ASSIGNMENT:
Your reply should reproduce the data below without a single alteration, apart from dropping the images.
::: PROVIDED DATA :::
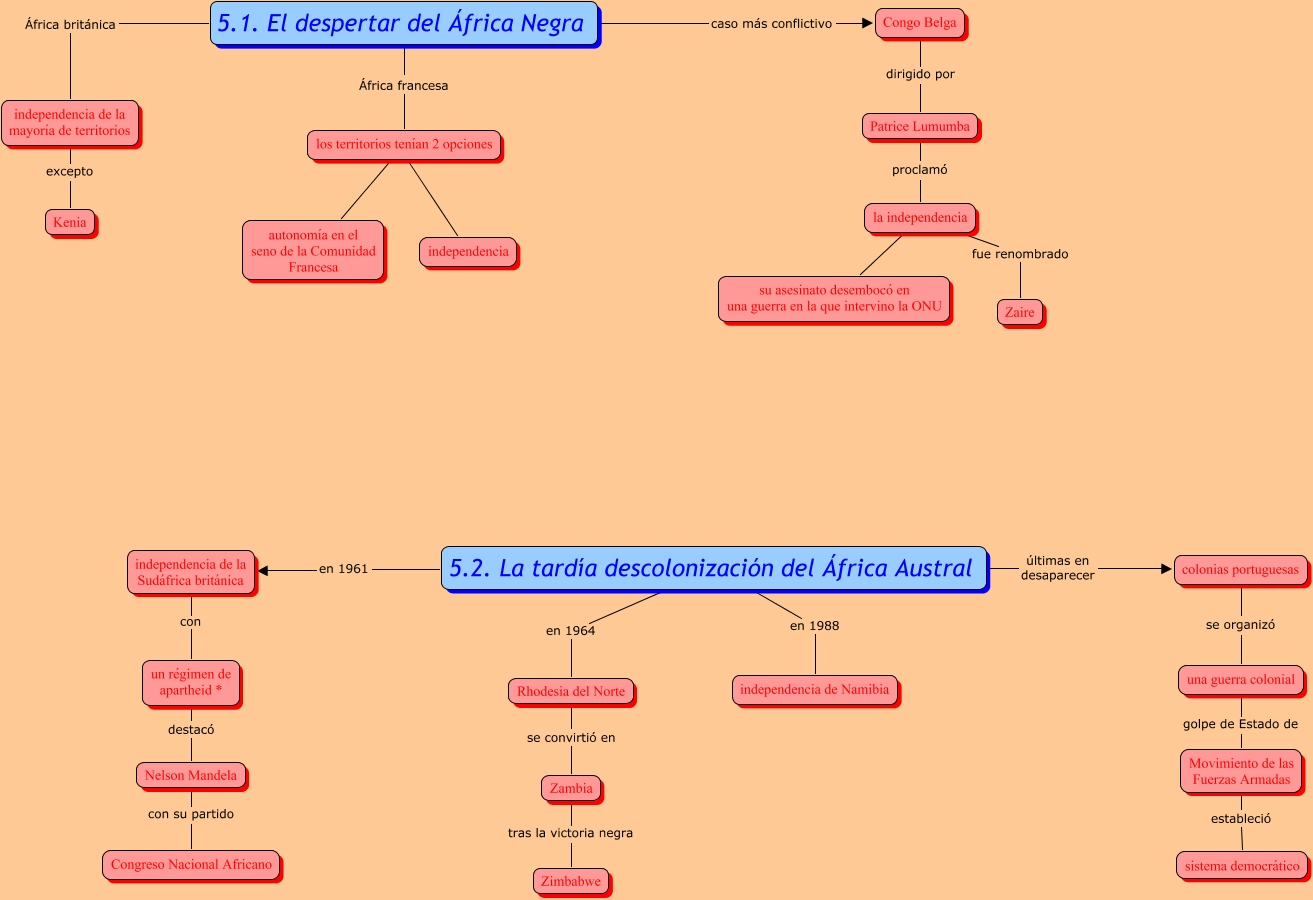 Este Cmap, tiene información relacionada con: punts 5.1. y 5.2. tema 12, Patrice Lumumba proclamó la independencia, Movimiento de las Fuerzas Armadas estableció sistema democrático, los territorios tenían 2 opciones ???? autonomía en el seno de la Comunidad Francesa, Zambia tras la victoria negra Zimbabwe, la independencia ???? su asesinato desembocó en una guerra en la que intervino la ONU, Rhodesia del Norte se convirtió en Zambia, 5.2. La tardía descolonización del África Austral en 1964 Rhodesia del Norte, Congo Belga dirigido por Patrice Lumumba, 5.2. La tardía descolonización del África Austral últimas en desaparecer colonias portuguesas, Nelson Mandela con su partido Congreso Nacional Africano, 5.1. El despertar del África Negra África británica independencia de la mayoría de territorios, 5.2. La tardía descolonización del África Austral en 1988 independencia de Namibia, independencia de la Sudáfrica británica con un régimen de apartheid *, un régimen de apartheid * destacó Nelson Mandela, una guerra colonial golpe de Estado de Movimiento de las Fuerzas Armadas, los territorios tenían 2 opciones ???? independencia, la independencia fue renombrado Zaire, independencia de la mayoría de territorios excepto Kenia, 5.1. El despertar del África Negra caso más conflictivo Congo Belga, colonias portuguesas se organizó una guerra colonial
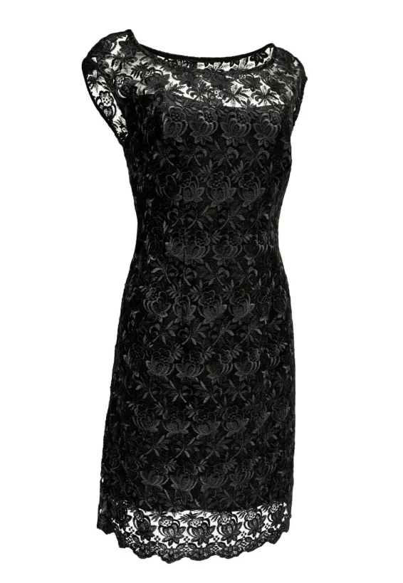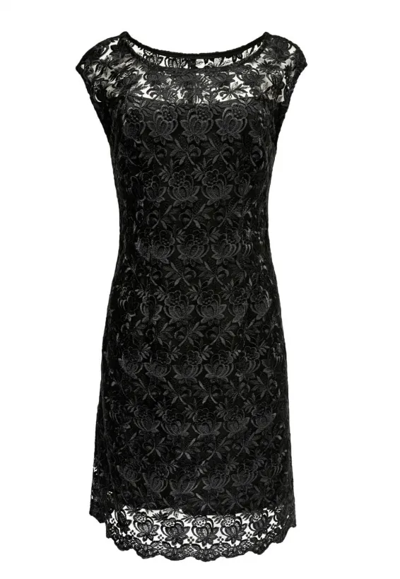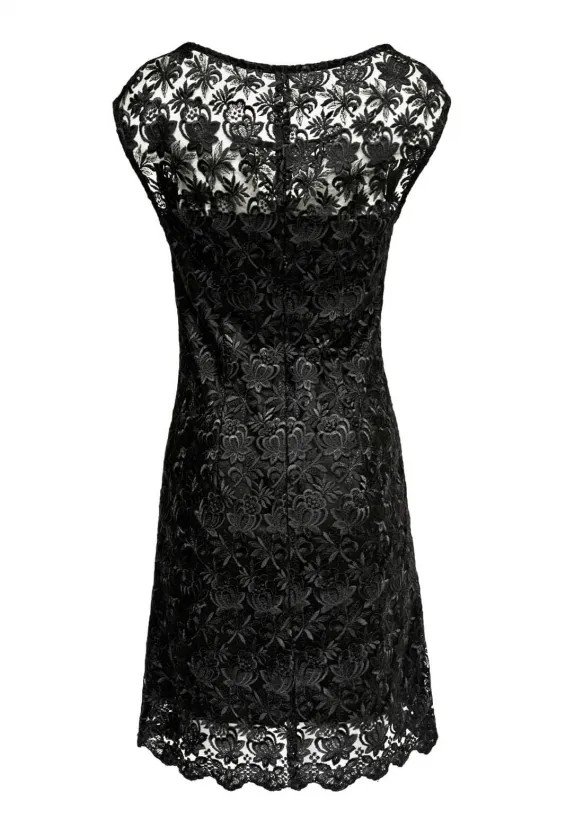 Černé krajkové šaty s kulatým výstřihem
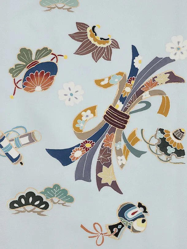 男児産着 お宮参りレンタル2933【正絹】水色 熨斗に宝尽くし
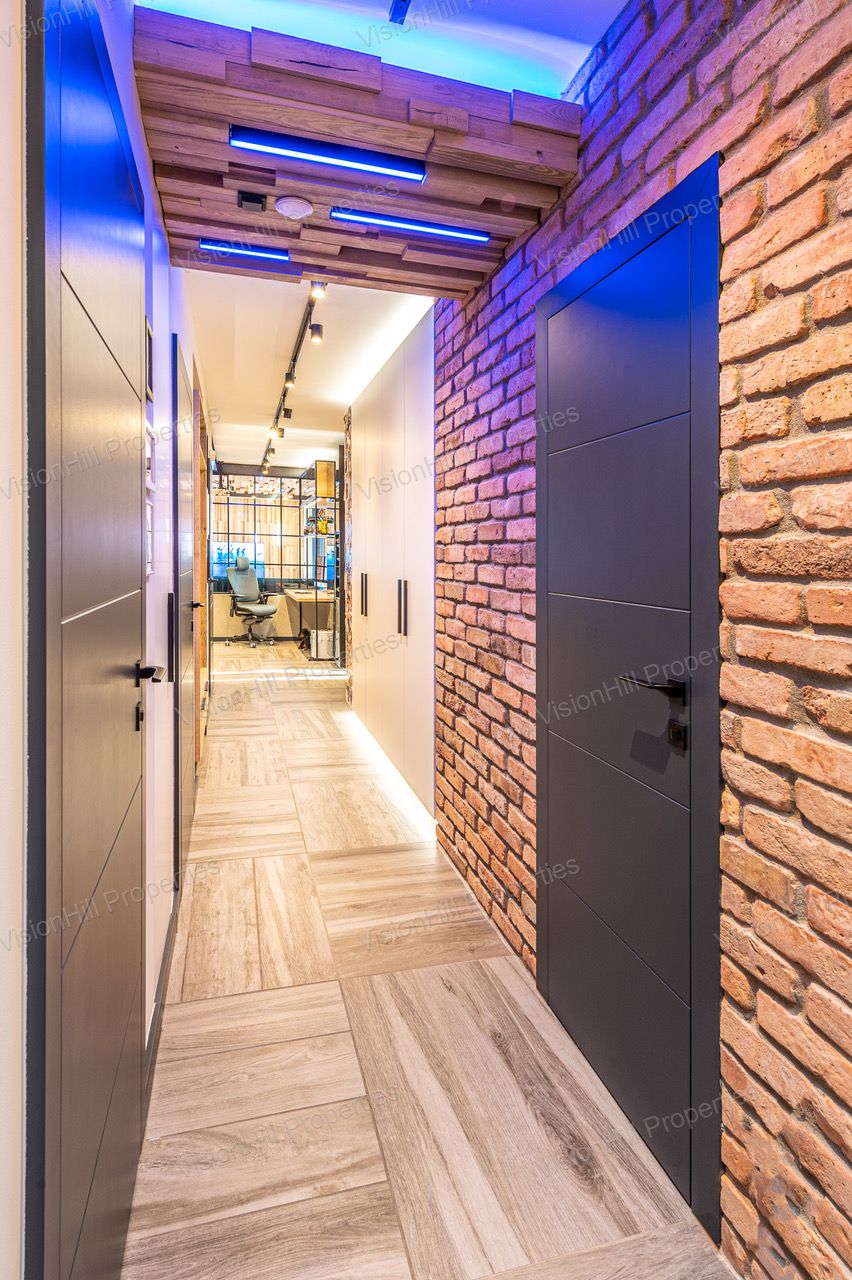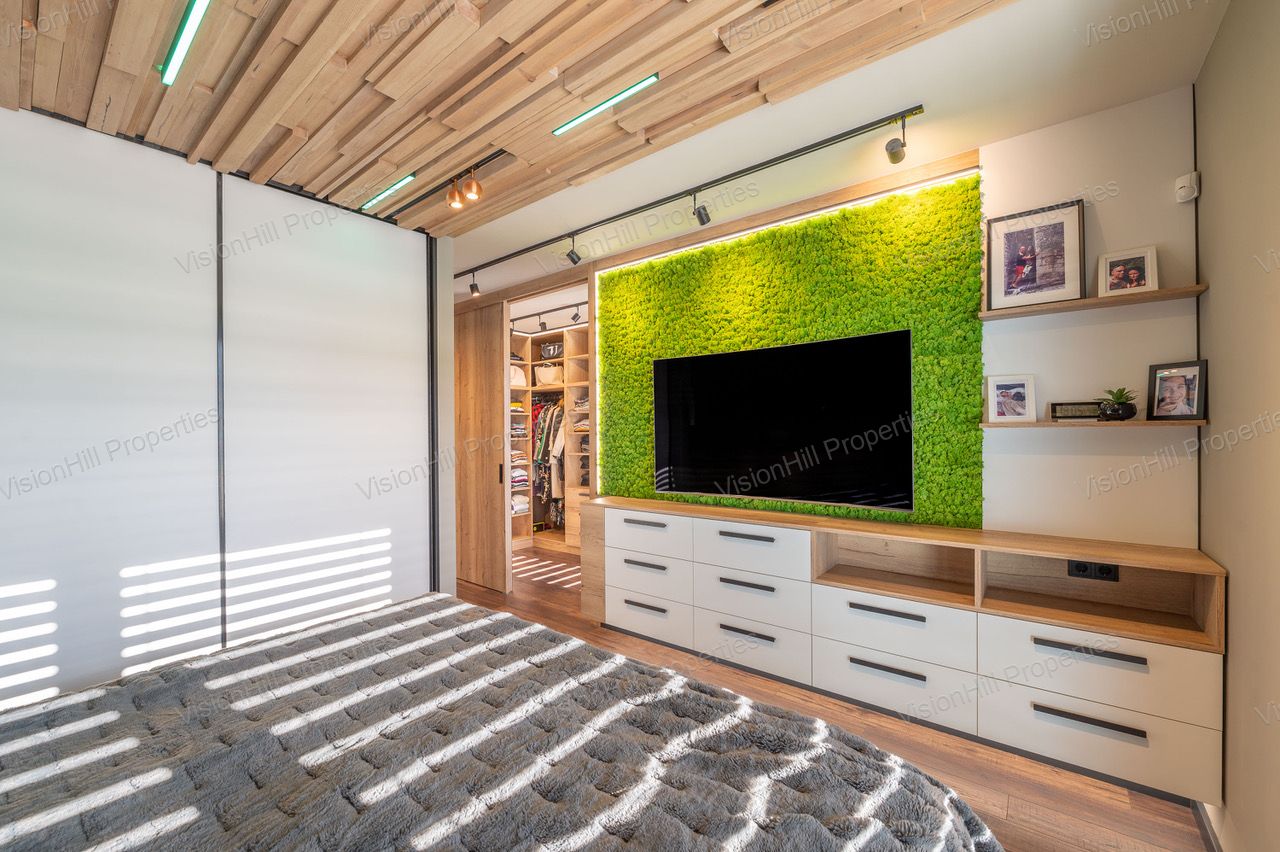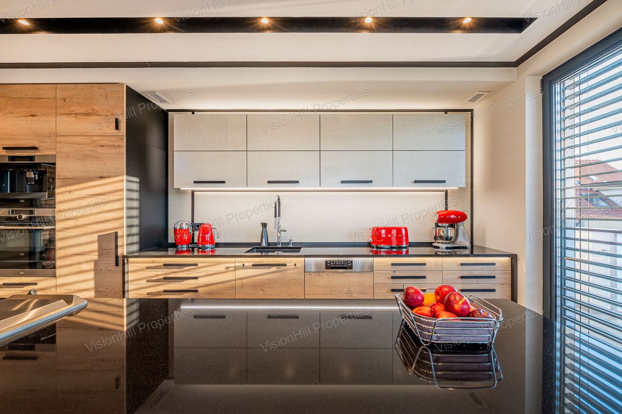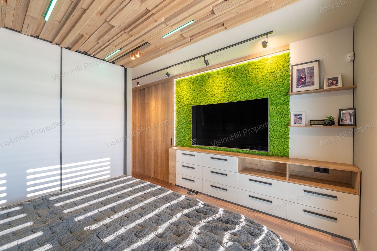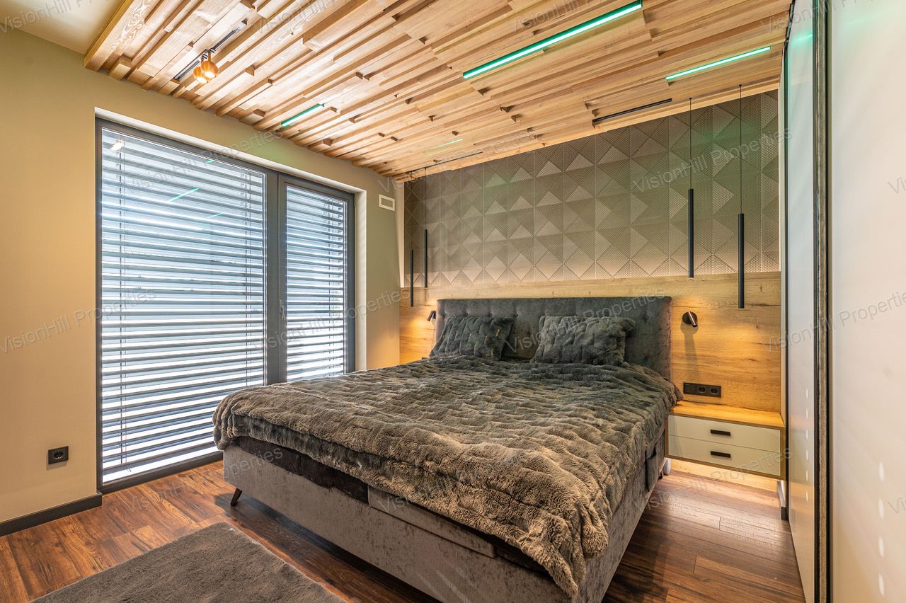 -Egyedileg gyártott, prémium beépített bútorok, gránit munkalapok, fémvázas szekrények, izlandi zuzmó falpanelek, fa lamellák a nappaliban, folyosón, fürdőszobában, hálószobában
:::
RESPONSE:
 Este Cmap, tiene información relacionada con: punts 5.1. y 5.2. tema 12, Patrice Lumumba proclamó la independencia, Movimiento de las Fuerzas Armadas estableció sistema democrático, los territorios tenían 2 opciones ???? autonomía en el seno de la Comunidad Francesa, Zambia tras la victoria negra Zimbabwe, la independencia ???? su asesinato desembocó en una guerra en la que intervino la ONU, Rhodesia del Norte se convirtió en Zambia, 5.2. La tardía descolonización del África Austral en 1964 Rhodesia del Norte, Congo Belga dirigido por Patrice Lumumba, 5.2. La tardía descolonización del África Austral últimas en desaparecer colonias portuguesas, Nelson Mandela con su partido Congreso Nacional Africano, 5.1. El despertar del África Negra África británica independencia de la mayoría de territorios, 5.2. La tardía descolonización del África Austral en 1988 independencia de Namibia, independencia de la Sudáfrica británica con un régimen de apartheid *, un régimen de apartheid * destacó Nelson Mandela, una guerra colonial golpe de Estado de Movimiento de las Fuerzas Armadas, los territorios tenían 2 opciones ???? independencia, la independencia fue renombrado Zaire, independencia de la mayoría de territorios excepto Kenia, 5.1. El despertar del África Negra caso más conflictivo Congo Belga, colonias portuguesas se organizó una guerra colonial
 Černé krajkové šaty s kulatým výstřihem
 男児産着 お宮参りレンタル2933【正絹】水色 熨斗に宝尽くし
 -Egyedileg gyártott, prémium beépített bútorok, gránit munkalapok, fémvázas szekrények, izlandi zuzmó falpanelek, fa lamellák a nappaliban, folyosón, fürdőszobában, hálószobában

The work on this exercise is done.